## Data to examine
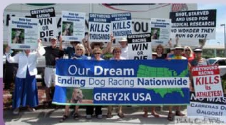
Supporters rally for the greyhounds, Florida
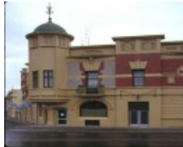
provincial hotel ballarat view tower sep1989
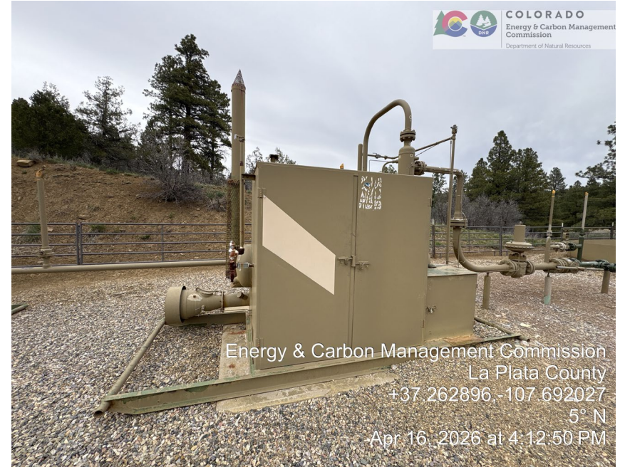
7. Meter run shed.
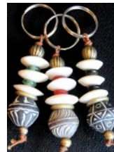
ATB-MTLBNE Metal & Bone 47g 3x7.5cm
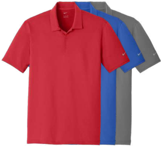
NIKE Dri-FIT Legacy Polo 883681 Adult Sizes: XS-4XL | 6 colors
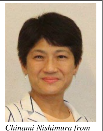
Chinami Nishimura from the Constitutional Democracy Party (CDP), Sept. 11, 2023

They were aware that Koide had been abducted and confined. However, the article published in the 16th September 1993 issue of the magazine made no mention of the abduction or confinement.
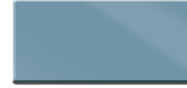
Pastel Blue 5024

## Aim of the task
Restate word for word the lines that begin at the one containing "NIKE Dri-FIT Legacy" and end with the final line of the records. Pictures stay out.

## Output below
NIKE Dri-FIT Legacy Polo 883681 Adult Sizes: XS-4XL | 6 colors
Chinami Nishimura from the Constitutional Democracy Party (CDP), Sept. 11, 2023

They were aware that Koide had been abducted and confined. However, the article published in the 16th September 1993 issue of the magazine made no mention of the abduction or confinement.
Pastel Blue 5024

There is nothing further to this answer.